En muchos de los estudios jurídicos en Buenos Aires, las propuestas laborales son siempre similares: trabajar sin sueldo fijo, con promesas de cobrar por comisión solo si se gana un caso. Ese sistema de “comisión” deja a los nuevos abogados a la deriva, sin certezas de cuándo llegará el próximo ingreso.
Otros directamente reciben un pago simbólico que no alcanza ni para cubrir el transporte hasta el estudio. A esto se le suma un requisito casi inamovible: inscribirse como monotributista. Esto significa que, con ingresos mínimos, deben hacerse cargo de impuestos y cargas sociales que consumen lo poco que ganan.

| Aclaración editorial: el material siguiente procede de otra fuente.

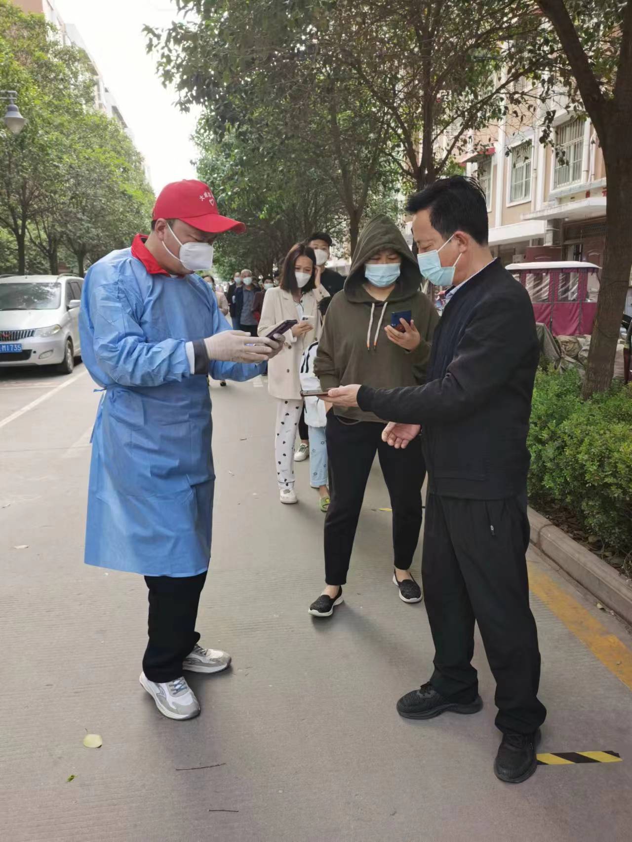 5月6日,社區(qū)人員及醫(yī)護(hù)人員到向陽花園對60多名重點(diǎn)人員進(jìn)行上門逐一進(jìn)行核酸檢測,物業(yè)分公司員工張全民和兩個門衛(wèi)人員配合醫(yī)護(hù)人員從當(dāng)天夜間11點(diǎn)多到第二天凌晨3點(diǎn)多才全部采集完畢。

La situación no es exclusiva de quienes recién terminan la carrera. Abogados con años de experiencia y hasta con especializaciones también se enfrentan a honorarios muy por debajo del promedio de otros rubros. Algunos terminan ganando menos que empleados de comercios o repartidores.
En los pasillos de Tribunales, muchos coinciden: el problema no es solo económico, también es cultural. Hay abogados que, ya consolidados en el ejercicio, tratan a los principiantes como si su trabajo valiera poco y como si aprender la profesión fuera un “pago” suficiente. Ese pensamiento mantiene viva la precarización hoy más que nunca.
Mientras tanto, la matrícula crece todos los años. A la fecha de publicación de este artículo, la misma se encuentra en un valor de $175.600. Miles se suman a una competencia feroz por clientes que, en muchos casos, prefieren resolver conflictos sin abogados o buscar opciones más baratas. Los colegios profesionales reciben críticas constantes por su pasividad ante el problema y la falta de un arancel mínimo obligatorio.
En otros tiempos, ejercer como abogado independiente era sinónimo de estabilidad y crecimiento. Hoy, muchos jóvenes con título optan por dar clases en escuelas y universidades, trabajar en el sector público o dedicarse a empleos sin relación con el Derecho para poder pagar sus cuentas.
Los que intentan resistir en estudios pequeños cuentan que, además de no cobrar en tiempo y forma, deben encargarse de trámites, audiencias y escritos que insumen horas, sin que eso se traduzca en un pago justo. Para algunos, la vocación choca de frente con la realidad.
La precarización no solo afecta al bolsillo. También impacta en la formación. Sin incentivos económicos, los jóvenes dejan de capacitarse, frenan cursos y posgrados y terminan perdiendo competitividad frente a colegas con recursos para seguir estudiando. En muchos casos, la desmotivación termina empujando a los recién recibidos a cambiar de rumbo antes de cumplir cinco años en la profesión.
La tendencia podría agudizarse. Los nuevos profesionales necesitarán nuevas condiciones dignas, estabilidad y oportunidades reales para desarrollarse. De lo contrario, los estudios jurídicos podrían vaciarse de talento joven.